Yamaha sponsors the program, supplying a lineup of R6s, FZ8s, FZ9s, FZ1s, and a few R1s. Dunlop Q3 tires are supplied on each bike, ensuring appropriate grip at all levels of training.
Last summer when the school was still headquartered in Utah, Yamaha invited me to take a slot in their two-day class. Over two days of classroom and track work, I had the opportunity to build a base of new skills and a new approach to riding that I’ve been able to apply to my everyday life on two wheels.

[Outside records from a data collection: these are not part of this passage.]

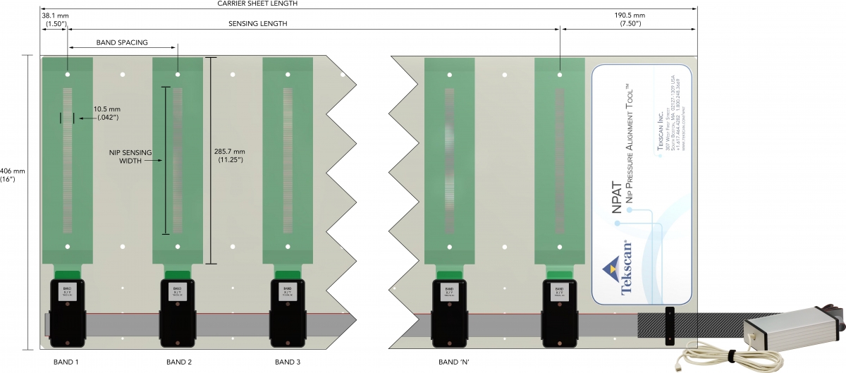 The NPAT is used to capture nip footprints and relative pressure distribution between nip rolls. The NPAT sensor band array can cover a very large area while utilizing one data acquisition handle.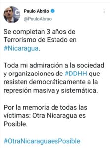 3 años de Terrorismo de Estado en #Nicaragua.Toda mi admiración a la sociedad y organizaciones de #DDHH que resisten democráticamente a la represión masiva y sistemática.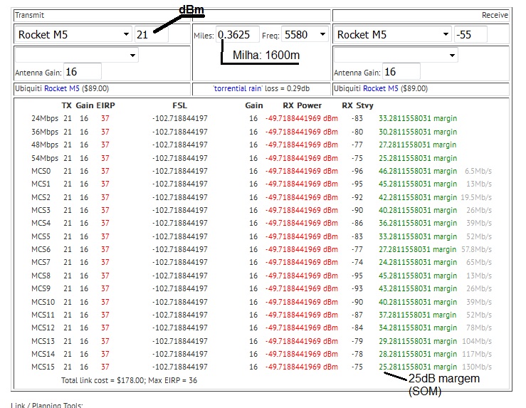 (No caso do Rocket AC e de umas RB's AC, cuida que eles tem só coisa tipo 19dBm nos datarates mais altos, pra esse caso precisa compensar isso com ainda mais antena, se a potência cai 3dBm é só colocar antena 3dBi maior, o que importa é a potência EIRP (dBm do rádio + dBi da antena) na hora de calcular)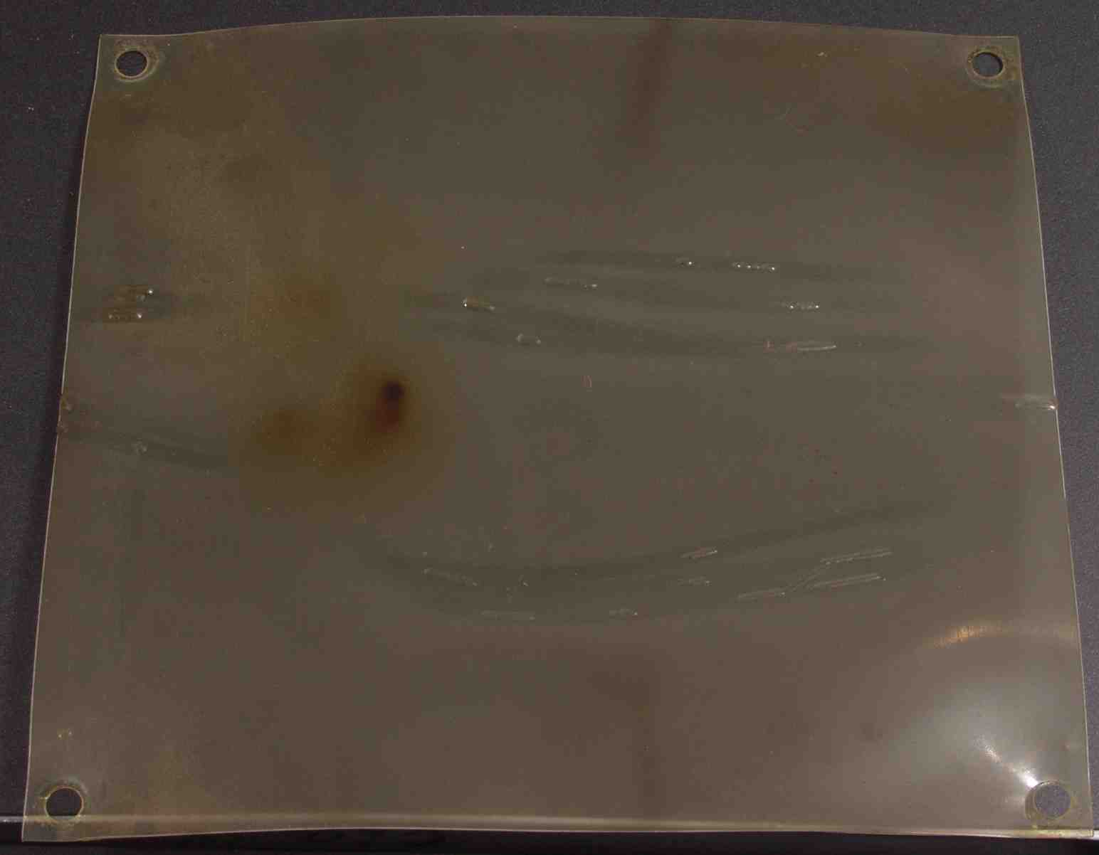 C3F. 発振で基板の銅伯が熱を帯び、解けた跡が残る絶縁シート

Day One began with a classroom session. Ienatsch has latched on to the phrase “Champions’ Habits,” and he extolled the instructors and guest instructors to share theirs with the class. Each instructor came prepared with a practical, incisive piece of advice, a nugget that went beyond the obvious or philosophical. “Have a plan,” advised Scott Russell. “Lean angle equals risk,” said Shane Turpin. “More speed, more brakes,” was the statement from Bradley Smith, the 23-year old Superbike racer from the UK. Ienatsch conducted the classroom session like a maestro, coaxing details from his instructors and guests, then summing up with bullet points and clear direction. Students are encouraged to take notes — indeed, a notebook and pen are provided. Lots of information is exchanged in each session, and notes help refresh and clarify recollection.
Finally, it was time to get out on the track. We geared up, and Ienatsch divided us into riding groups by ability and experience. My instructor on Day One was Ken Hill, a tremendously gifted rider with great patience and teaching skills. We worked on specific skills on each circuit of the track — smoother braking, more assertive acceleration, finding the apex to each corner and maintaining the “umbrella of direction.” I felt awkward and slow, watching the faster, more experienced riders in the group excel at skills that I had yet to acquire. Hill was supportive and direct, providing feedback, encouragement and tips that kept me focused on my own experience.